** RAW DATA **
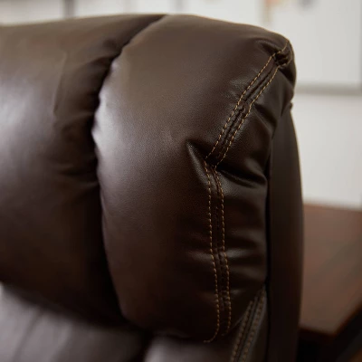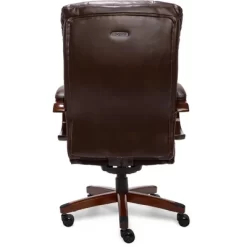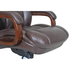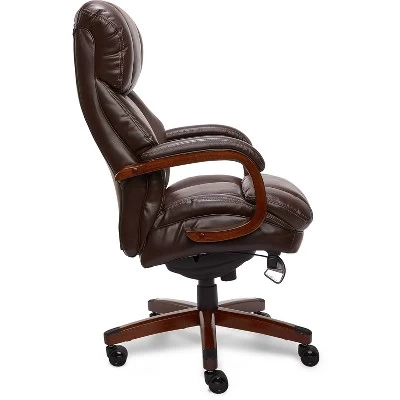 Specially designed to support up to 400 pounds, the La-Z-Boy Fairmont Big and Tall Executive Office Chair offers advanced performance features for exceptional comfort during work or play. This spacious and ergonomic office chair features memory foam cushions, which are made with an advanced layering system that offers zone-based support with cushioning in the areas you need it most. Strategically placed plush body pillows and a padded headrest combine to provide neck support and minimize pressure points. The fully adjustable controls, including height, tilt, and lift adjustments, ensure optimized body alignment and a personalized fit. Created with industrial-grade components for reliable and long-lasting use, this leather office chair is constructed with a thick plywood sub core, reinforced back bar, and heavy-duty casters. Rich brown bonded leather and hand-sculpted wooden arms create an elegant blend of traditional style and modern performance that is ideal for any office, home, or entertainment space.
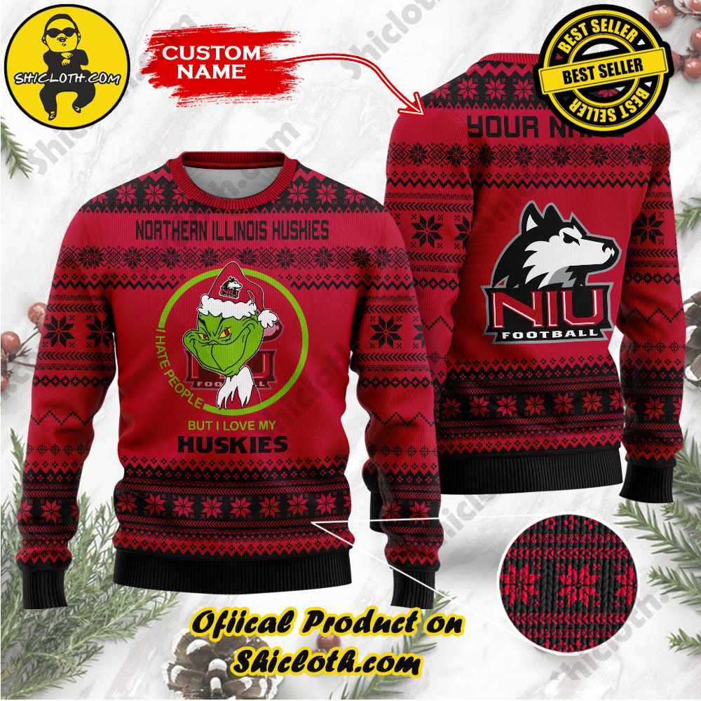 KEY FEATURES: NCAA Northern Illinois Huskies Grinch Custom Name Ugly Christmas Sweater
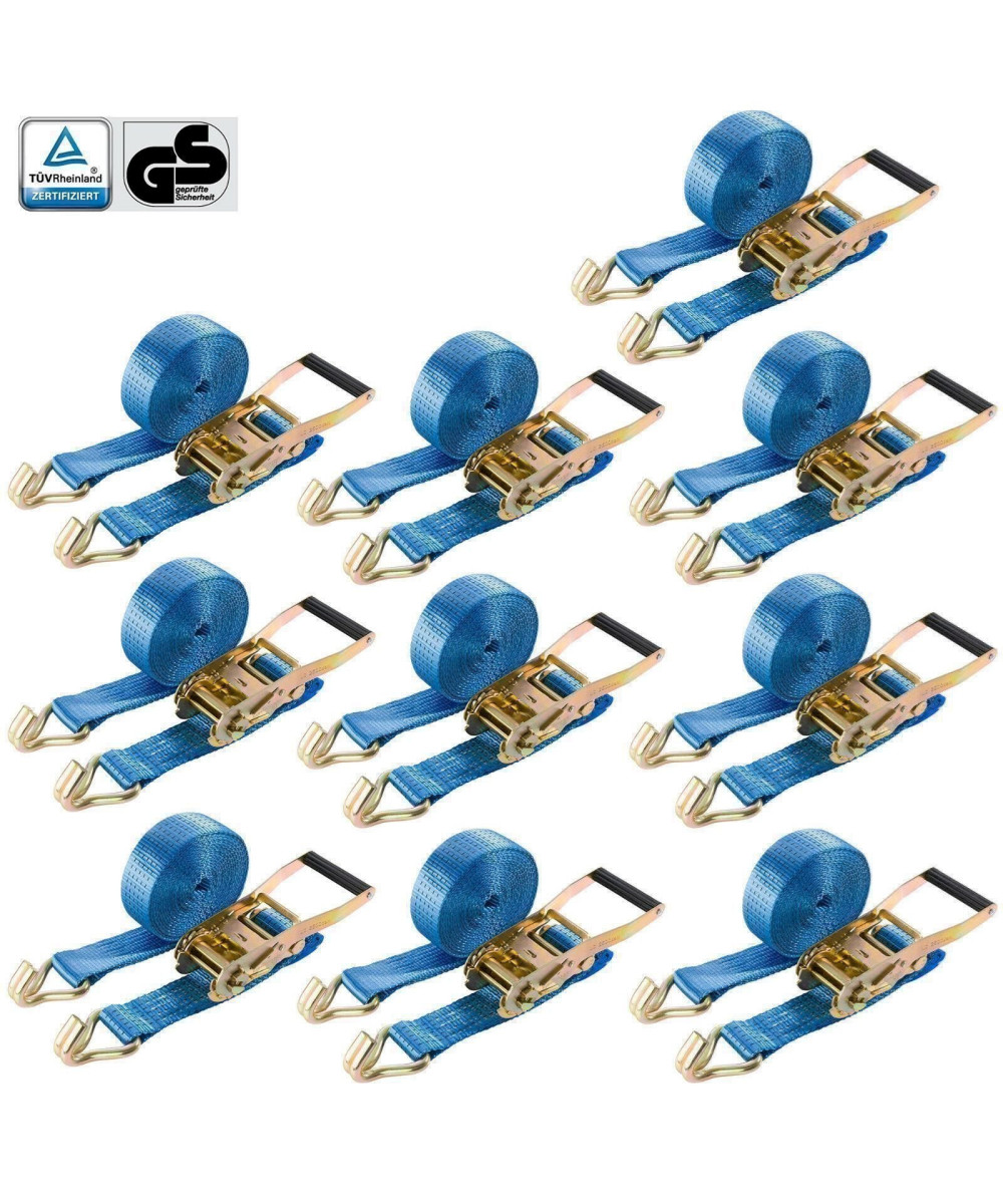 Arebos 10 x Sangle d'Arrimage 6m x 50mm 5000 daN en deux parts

** TO DO **
Pictures are not part of the answer, which must be the exact lines from the one holding "KEY FEATURES: NCAA" through the end of the material, both ends included.

** RESPONSE TO THIS TASK **
 KEY FEATURES: NCAA Northern Illinois Huskies Grinch Custom Name Ugly Christmas Sweater
 Arebos 10 x Sangle d'Arrimage 6m x 50mm 5000 daN en deux parts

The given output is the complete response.